I have an ammy in a 10 gallon which I seeded with springtails. He has been in the viv for 2 months. My question is, there are hundreds/thousands of springtails in the viv, is this a bad thing? Is it overloade? If so what should I do? Thanks in advance.


----------



## Julio (Oct 8, 2007)

I think the frog will feast and pick them off faster then they can reproduce, it will be just fine.


----------



## Peter Keane (Jun 11, 2005)

get more amys, LOL.. these are beautiful lil frogs anyway and yours should be nice and fat ... Peter Keane


----------



## Dancing frogs (Feb 20, 2004)

It is possible for too many insects to stress an animal.

If the tank is truly swarming with them, I would put some springtail food (whatever you use) in a certain corner, to try and concentrate them into one area. Also, a film can or two stuck to the upper sides of the tank will offer refuge if the amy does get bothered by the springs.


----------



## TheDoc (Aug 8, 2007)

Or you could reduce FF feedings for a while and see if the Inhabitant reduces the Population.


----------



## kwazarr (Oct 4, 2007)

If it becomes a SERIOUS problem, you could always remove your frog and give your viv a good dry ice/CO2 treatment for a few hours. That'll kill off the excess springtails, probably give your plants to the human equivalent of a BIG breath of O2, and provide your substrate with a new found natural source of organic nutrients! Just make sure that if you do this, to do it some place that is well ventilated!

Ross.


----------



## UmbraSprite (Mar 2, 2007)

NEVER heard of this....what's the secret to your "problem"?


----------



## evolvstll (Feb 17, 2007)

> NEVER heard of this....what's the secret to your "problem"?

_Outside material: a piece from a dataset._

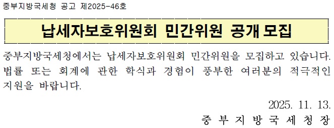 중부지방국세청 공고 제2025-46호 납세자보호위원회 민간위원 공개모집 중부지방국세청에서는 납세자보호위원회 민간위원을 모집하고 있습니다. 법률 또는 회계에 관한 학식과 경험이 풍부한 여러분의 적극적인 지원을 바랍니다. 2025. 11. 13. 중 부 지 방 국 세 청 장

That is a great thing. We all want to know the secret. What did you use for substrate?


----------



## KeroKero (Jun 13, 2004)

I've had springtail explosions before... it's usually to do with the fact that the tank is new, and cycling thru... it gets its fungus everywhere stage that causes a massive boom in springtails. I tossed in a few anthonyi and let them go to town, and didn't feed them. They didn't lose weight, and the springtail problem was significantly reduced :lol: Eventually the tank cycled more, an equilibruim was reached, and while I know I've got springs in the tank, in the 2 years since I never got that explosion again. I do get mini explosions when I add leaf litter, but that's it.


----------



## flyangler18 (Oct 26, 2007)

> I do get mini explosions when I add leaf litter, but that's it.


Do you call those 'pops'? 

I definitely get booms in springtails when the tanks are new and still cycling, or when I introduce more organic matter for them to chow on i.e leaf litter. I've built a bunch of terraria in the past before getting into PDFs and this pretty is always the case.


----------